A minimal command-line ReAct agent in Python: an LLM gets a natural-language goal, decides on its own whether to look something up or do a calculation, calls the matching tool, observes the result, and loops until it can answer — without us hard-coding the control flow.
ReAct = Reason + Act. The model interleaves thoughts (reasoning traces) with actions (tool calls), then reads observations (tool results) and decides what to do next. See Yao et al., ReAct: Synergizing Reasoning and Acting in Language Models, ICLR 2023.
By reading the code and running the agent, you will see, end-to-end:
- The anatomy of an agent: LLM (brain) + Tools (hands) + Memory (conversation history) + Planning (the ReAct loop).
- How structured output formats (here: a strict
Thought / Action / Action Inputblock) let you treat an LLM as a programmable component. - Why a terminator tool (
final_answer) is a clean way to express "the agent is done" — no special control tokens needed. - The two most important guardrails for any agent: a hard
step budget and a safe tool-execution layer (no
eval()). - How an agent's trace (Thought → Action → Observation) makes its reasoning auditable in a way a single LLM call never is.

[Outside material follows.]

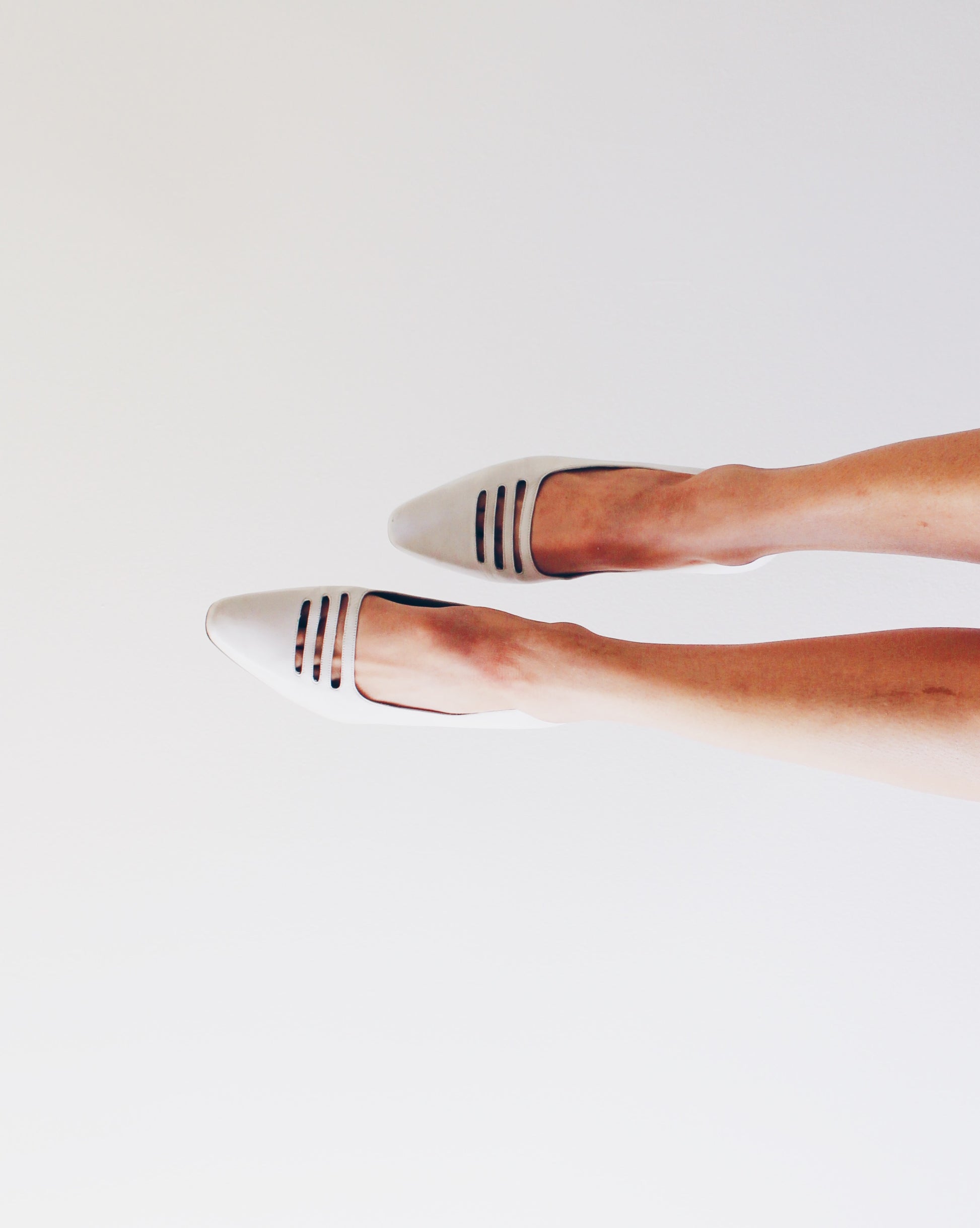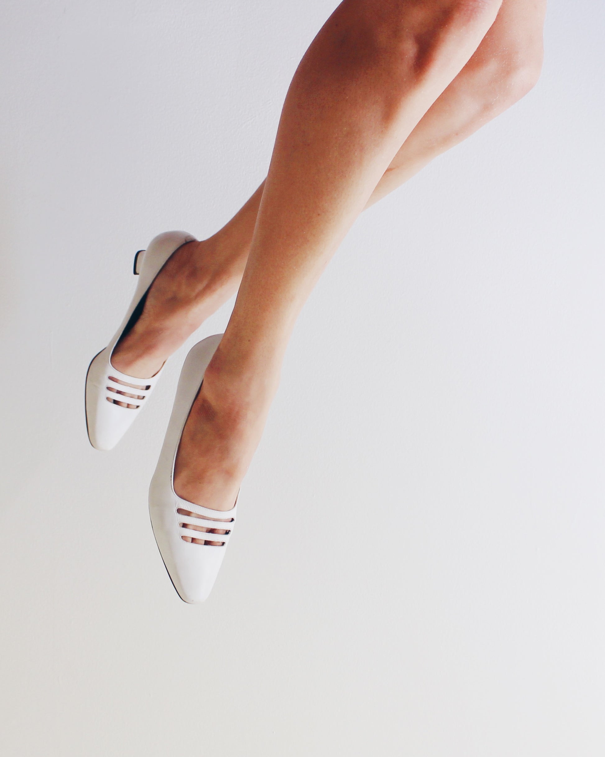 Vintage White Bandolino Kitten Heels • 90s Leather Cut-Out Pumps • Minimalist Officecore Shoes

This PoC was generated by pasting the following prompt into VS Code's Copilot Chat in Agent mode. It is reproduced verbatim from the lecture slides so you can paste it yourself and compare.
Build a command-line ReAct agent in Python:
agent.pyplustools.py. Intools.pyexpose a dictTOOLSwith three callables:calculator(expr)(safe eval on arithmetic only),search(query)(lookup in a small in-memory dictionary KB with at least 5 entries, e.g."capital of france" -> "Paris"), andfinal_answer(text)(returns the text). Inagent.pyimplementrun_agent(goal, max_steps=6): a loop that calls the Anthropic API (claude-sonnet-4-6, key fromANTHROPIC_API_KEY) with a system prompt forcing the format"Thought:.../ Action:.../ Action Input:..."; parse the response with regex; execute the named tool; append the Observation back into the conversation history; stop whenfinal_answeris invoked ormax_stepsis reached. Print every step. At the bottom, anif __name__ == "__main__"block that runs the agent on two example goals. Providerequirements.txt(anthropic),.gitignore, and a README with the run command.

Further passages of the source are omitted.